Second Exemplary Embodiment

In the second exemplary embodiment, multiple images displayed on the display device 26 are called multiple display images acquired at different angles in the vertical direction. These display images are acquired by rearranging multiple original images having horizontal parallax information. The multiple display images are displayed so as to be arranged in the vertical direction. Except that the images displayed on the display device 26 are changed, the second exemplary embodiment has the same components as those of the first exemplary embodiment. Thus, only the different points are described and the same components are not described.
FIGS. 7A to 7C are schematic diagrams of examples of multiple images displayed on the display device 26 according to the second exemplary embodiment.
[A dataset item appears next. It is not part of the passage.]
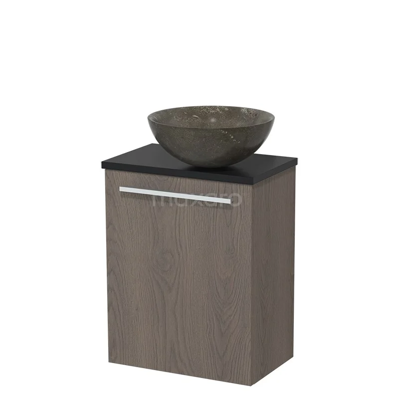 Dankzij het prachtige design is het meubel een blikvanger in de toiletruimte. De onderkast heeft een donkerbruin eiken afwerking met een mat zwart wastafelblad.

As illustrated in FIG. 7A, in the same manner as in the case of the first exemplary embodiment, with which three original images E, F, and G acquired at the same angle in the vertical direction are rearranged to generate display images 1, 2, and 3, three original images A, B, and C acquired at the same angle in the vertical direction are rearranged to generate display images 4, 5, and 6, and three original images I, J, and K acquired at the same angle in the vertical direction are rearranged to generate display images 7, 8, and 9.
In this example, as illustrated in FIG. 7C, the display area of the display device 26 is divided into three segments in the vertical direction and the multiple display images 4, 1, and 7 acquired at different angles in the vertical direction are displayed so as to be arranged in the vertical direction. As described above, each of the multiple display images 4, 1, and 7 is a parallax image acquired by rearranging multiple original images having horizontal parallax information. Here, the angle of the optical axis of each object beam incident on the hologram recording medium 34 from the corresponding display image is caused to coincide with the angle in the vertical direction at which the original image is acquired.
For example, as illustrated in FIG. 7B, the image acquired by photographing the object OB from obliquely left in the horizontal direction and obliquely upward is an original image A, the image acquired by photographing the object OB from obliquely left in the horizontal direction is an original image E, and the image acquired by photographing the object OB from obliquely left in the horizontal direction and obliquely downward is an original image I. The original images A, E, and I are acquired at different angles in the vertical direction.
The angle of the optical axis of the object beam that has been transmitted through the display image 4 corresponds to the angle in the vertical direction at which the original image A is acquired. The angle of the optical axis of the object beam that has been transmitted through the display image 1 corresponds to the angle in the vertical direction at which the original image E is acquired. The angle of the optical axis of the object beam that has been transmitted through the display image 7 corresponds to the angle in the vertical direction at which the original image I is acquired.
In the second exemplary embodiment, multiple display images acquired at different angles in the vertical direction are displayed on the display device 26 so as to be arranged in the vertical direction. Light beams that have been transmitted through multiple display images arranged in the vertical direction become multiple object beams having optical axes whose angles vary in the vertical direction corresponding to the directions of parallax. The reference beam and these multiple object beams are concurrently applied to the hologram recording medium 34 and interference between the multiple object beams and the reference beam allows component holograms corresponding to the multiple images to be recorded on the hologram recording medium 34 at a time.
Component holograms corresponding to multiple images are recorded over the same area of the hologram recording medium 34 so as to be superimposed. From the component holograms corresponding to multiple images thus recorded so as to be superimposed one on top of another, images having parallax in different directions are reproduced at different observation angles. In other words, a holographic stereogram having horizontal parallax information is provided with vertical parallax information. That is, a holographic stereogram having both of horizontal parallax information and vertical parallax information is formed.
In an existing image recording device, to form a holographic stereogram having both of horizontal parallax information and vertical parallax information, fine component holograms are recorded pixel by pixel by converging light in the horizontal direction and the vertical direction. In contrast, in the image recording device according to the second exemplary embodiment, the vertical parallax is provided to a holographic stereogram by the superimposing imaging optical system and information of parallax for multiple images in a direction corresponding to the longitudinal direction of a strip-shaped component hologram is recorded at a time. Thus, the speed at which component holograms are recorded is significantly higher than that in the case of an existing image recording device.
Assuming that, for example, a strip-shaped component hologram has image information for 100 pixels in the longitudinal direction, the speed at which recording on a holographic stereogram is performed is 100 times higher than that in the case of an existing image recording device that performs recording pixel by pixel.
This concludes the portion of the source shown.